Dans le cours de magie qu'ils avaient désormais rejoints, Ugo levait le doigt, au grand étonnement de ses camarades : ce genre d'événements était aussi rare qu'une éclipse, d'habitude les profs terriens préféraient lui demander la réponse, et rarement Ugo prenait l'initiative. Il baissa le doigt et prit la parole d'un ton un peu moqueur :
— Gauss… Je me pose une question, monsieur, elle me trotte dans la tête depuis le début de votre discours…
Le professeur avait un regard perplexe, mais il l'intima à continuer :
— C’est à cause de la magie que vous êtes tous aussi arriérés, ou c’est juste parce que vous êtes naturellement idiots ?
Un silence s'installa dans la classe, si lourd qu'on eut l'impression qu'un cachalot avait élu domicile dans la salle. Le professeur avait la mâchoire pendante, tellement estomaqué par l'insulte qu'il n'arrivait même plus à répliquer ; apparemment, il n'avait pas pour habitude de se faire interrompre en classe. Petit à petit, son visage devint rouge comme une pivoine. Il lâcha un cri de rage, se tourna vers son bureau et entreprit d'écrire frénétiquement sur une feuille de papier. Puis, il fit volte-face, son visage redevenu calme, et répondit d'une voix tout aussi posée :
— M. Gauss, sachez ceci : si il y a une chose que je ne tolère pas, ce sont les petits impertinents comme vous. Malheureusement, je suis dans l'incapacité de vous renvoyer de ce cours, car cela m'est interdit. Mais rien ne m'empêche d'écrire à votre Tutorat, pour qu'il puisse vous infliger une sévère correction. Alors veillez bien à mesurer vos propos…
Le cours commença donc, et se déroula sans interruption, qu'elle soit ugogesque ou extérieure. C'était un brin intéressant, se dit Edward en baillant bruyamment, si le professeur avait un tant soit peu quelque humour lors de ses cours. Malencontreusement, M. Herik n'aimait pas les cours amusants, considérant l'amusement comme une déconcentration nuisible à l'apprentissage. L'intuition d'Ugo était très juste, à un détail près : ce professeur était le seul à avoir autant d'expérience avec les mages sauvages, c'est-à-dire les mages qui utilisaient leur pouvoir sans avoir appris à le maîtriser.
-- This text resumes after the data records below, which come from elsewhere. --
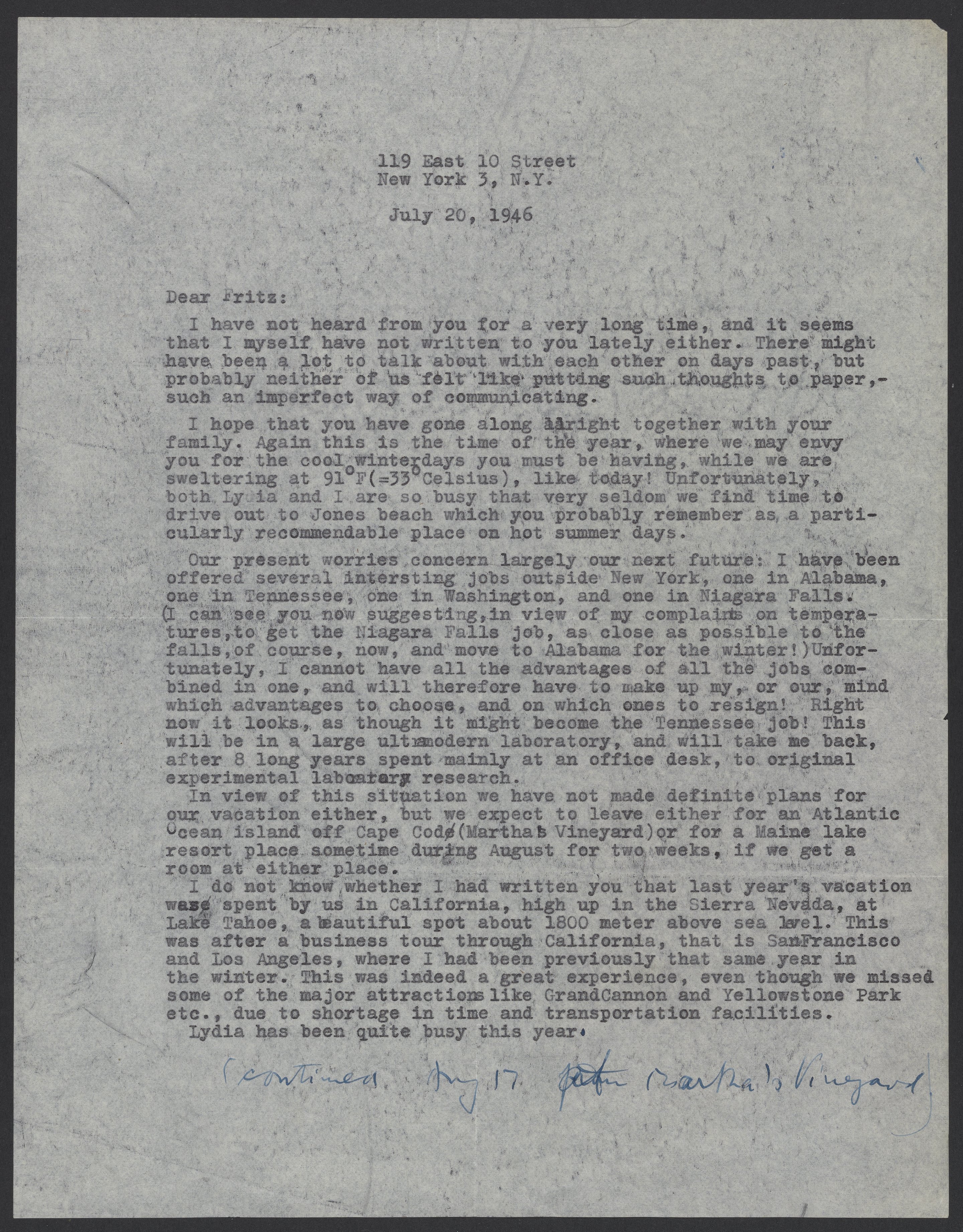 Max Albert Bredig (1902-1977) writes to Fritz (Federico) Schnell. Bredig updates Fritz about his job and his personal life. Bredig mentions that he has been offered positions outside of New York and discusses the pros and cons of each potential job.
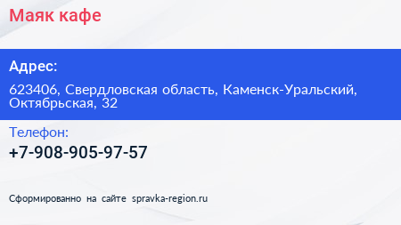 Маяк, кафе по адресу 623406, Свердловская область, Каменск-Уральский, Октябрьская, 32 в дальнейшем Организация, размещена в следующих категориях:
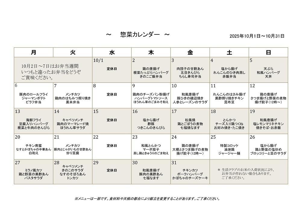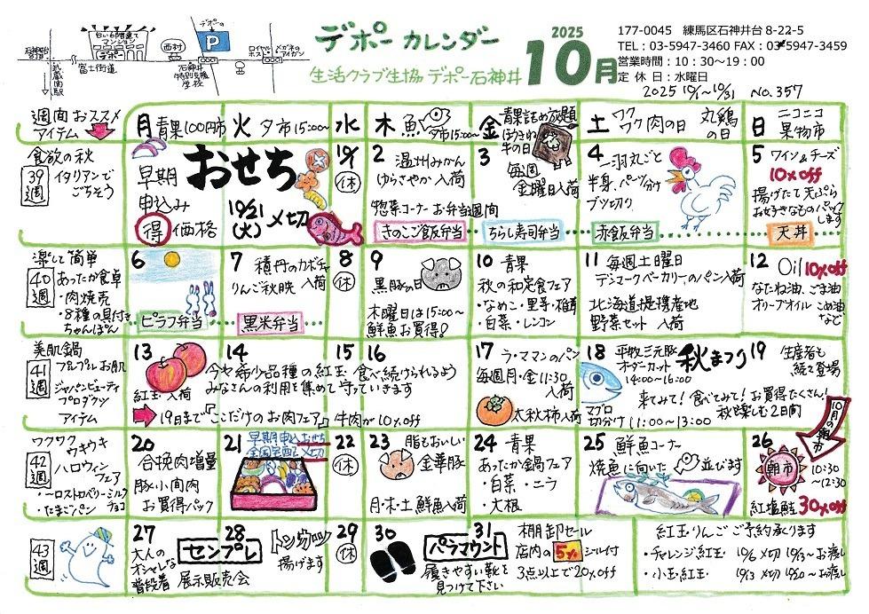 デポー石神井 10月カレンダー
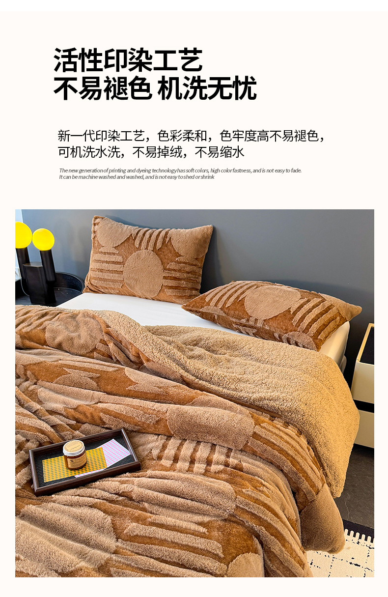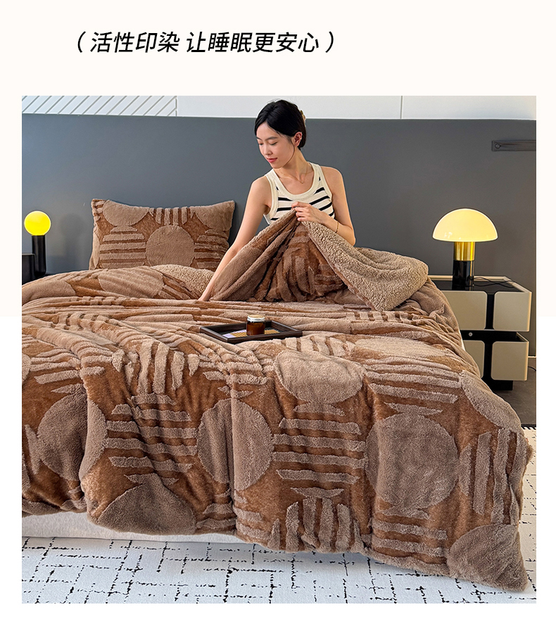 商品名称:枋梢家纺 2025新款亮丝兔毛绒兔毛提花北欧几何羊羔绒 双层加厚保暖盖毯 居家午睡保暖毯 几何-驼色
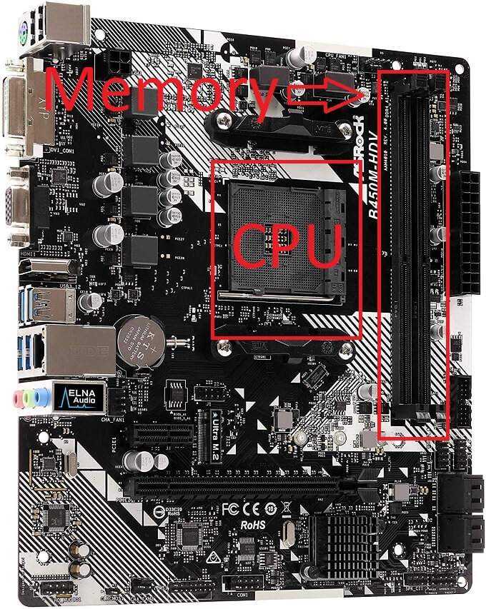 The suggested motherboard here is the ASRock B450M-HDV R4.0.
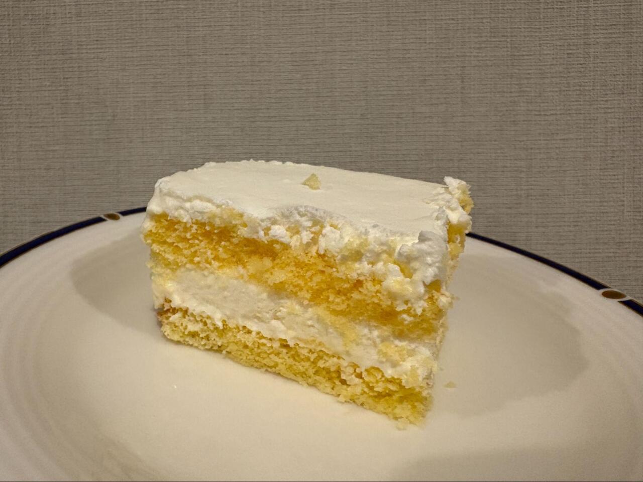 スポンジとクリームが4層に重なり、見た目にも美しく、シンプルながら満足感のあるケーキになっています。
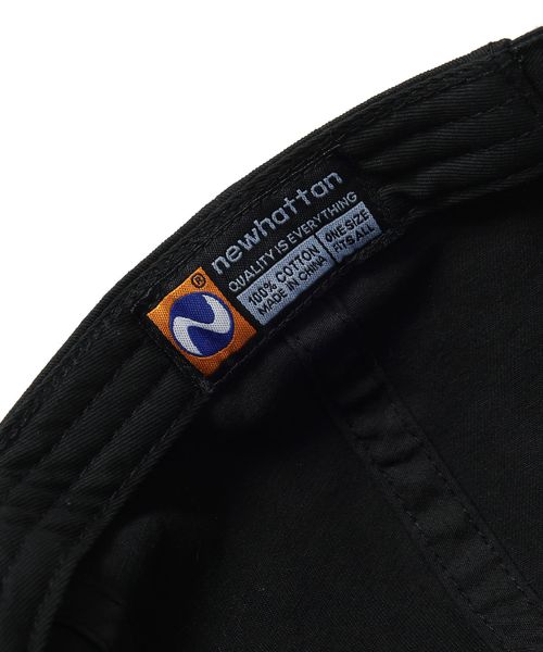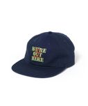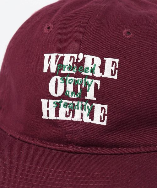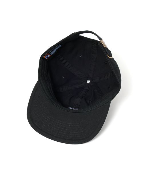 フロントにプリントに刺繍を重ねたロゴを施したキャップ。

Ils couraient de plus en plus les rues, c'était inquiétant. Le cours se termina avec le fracas des chaises qui se déplacent, et le bruit des pas pressés des élèves voulant se dépêcher à aller aux autres cours. Herik la Pivoine lança un dernier regard haineux à Ugo qui lui répondit par un haussement d’épaules et un sourire signifiant : « Je suis intouchable alors je vais en profiter »
Le second cours fut plus intéressant que le premier : cette fois, il y avait des élèves de tout âge avec le professeur Tomontauq, un « apraxien » spécialiste de la magie sauvage, qui discuta longuement avec eux de la nature de la magie. Très jovial dans son instruction, il bondissait d’anecdotes en anecdotes en affichant un sourire réconfortant. Ugo écouta plus ou moins jusqu’à que le professeur dise :
— Ces magiciens, qui sont devenus esclaves de leurs pouvoirs, sont immédiatement exécutés, expliqua Herik. Leurs agissements passés importent peu : tout ce qui compte, c'est qu'ils sont une menace pour notre société.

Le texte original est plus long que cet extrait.